Source data
======

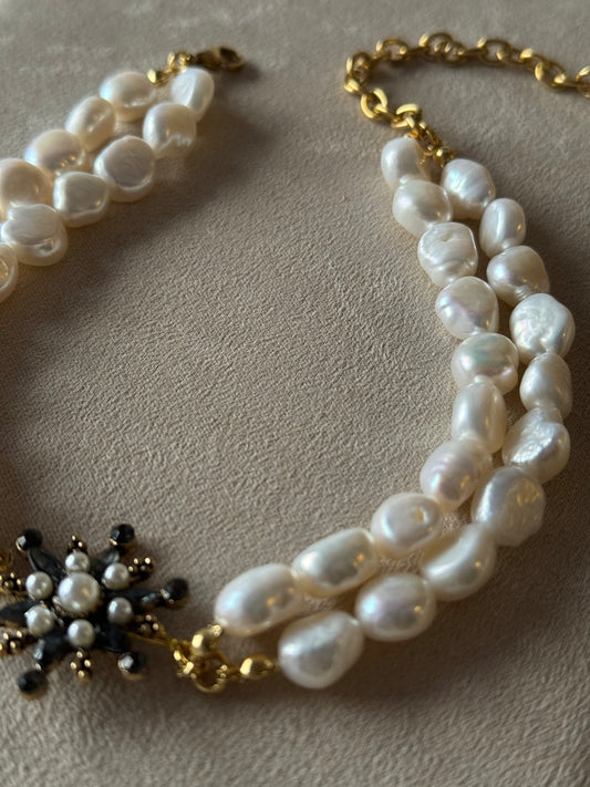 Choker RAÍCES Doblete de Perlas & Estrella Emperlada Tono Oscuro
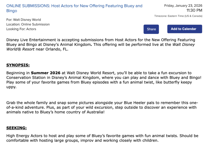 Yesterday, we saw Disney file a new permit for the park that very well could be for the new Bluey experience coming to the Conservation Station later this year, and now, there’s a new casting call that caught our eye, too. It looks like Disney is searching for actors to bring this new Bluey and Bingo experience to life, and it gives us more of an idea of when we can expect to meet these beloved characters!
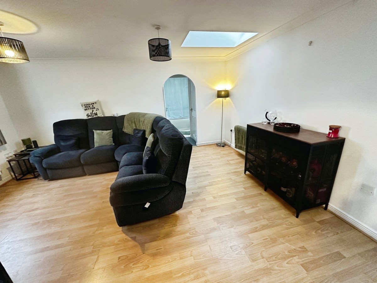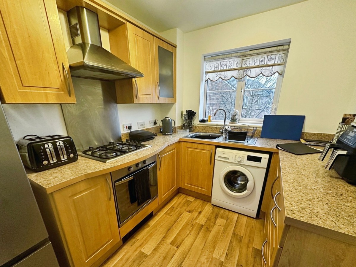 2.4m x 2.9m (7' 10" x 9' 6") PVCu double glazed window to the front with a fitted roller blind. Central spotlight. Wood effect vinyl floor. A range of low level and wall mounted kitchen units in a Beech effect with brushed chrome handles and a complementary rolltop worksurface with matching up stand. Inset sink with swan neck tap and drainer. Integrated electric oven. Four gas ring hob. Overhead extractor hood. Space for fridge freezer and plumbing for washing machine.
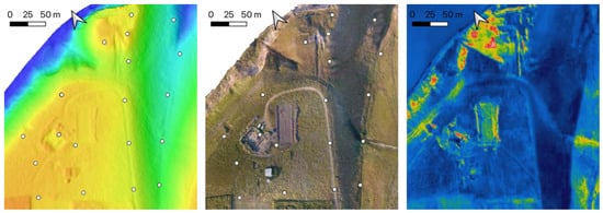 The specifications of the RGB sensor are not as good as the DJI Mavic 2 Pro, but the system still allows the creation of orthophotos and DEMs with reasonable accuracy (Figure 2 left, middle). The white dots in this image represent the ground control point (GCP) locations. The use of these points is discussed later in this paper. In combination with the new thermal sensor, simultaneous true colour (RGB) and thermal images can be obtained from the study area. Although the resolution of this sensor is limited to 1600 × 1200 pixels, fixing both cameras into one camera body still allows the use of the resulting thermal images in combination with conventional true colour 3D modelling (Figure 2 right). Data processing typically results in an orthorectified projection of pseudo-thermal values presented in a false colour composite.
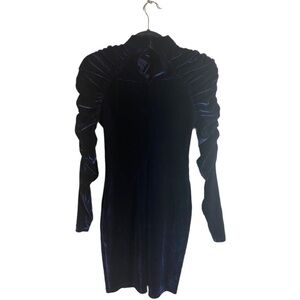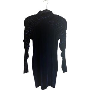 Amanda Uprichard Shandi Velvet Ruched Mini Dress S Navy High Neck Bodycon Party, preowned in a great condition

======

Instructions for the task
From the line containing "The specifications of" down to the last line of the data above, transcribe exactly those lines and no others; omit the pictures.

Response
 The specifications of the RGB sensor are not as good as the DJI Mavic 2 Pro, but the system still allows the creation of orthophotos and DEMs with reasonable accuracy (Figure 2 left, middle). The white dots in this image represent the ground control point (GCP) locations. The use of these points is discussed later in this paper. In combination with the new thermal sensor, simultaneous true colour (RGB) and thermal images can be obtained from the study area. Although the resolution of this sensor is limited to 1600 × 1200 pixels, fixing both cameras into one camera body still allows the use of the resulting thermal images in combination with conventional true colour 3D modelling (Figure 2 right). Data processing typically results in an orthorectified projection of pseudo-thermal values presented in a false colour composite.
 Amanda Uprichard Shandi Velvet Ruched Mini Dress S Navy High Neck Bodycon Party, preowned in a great condition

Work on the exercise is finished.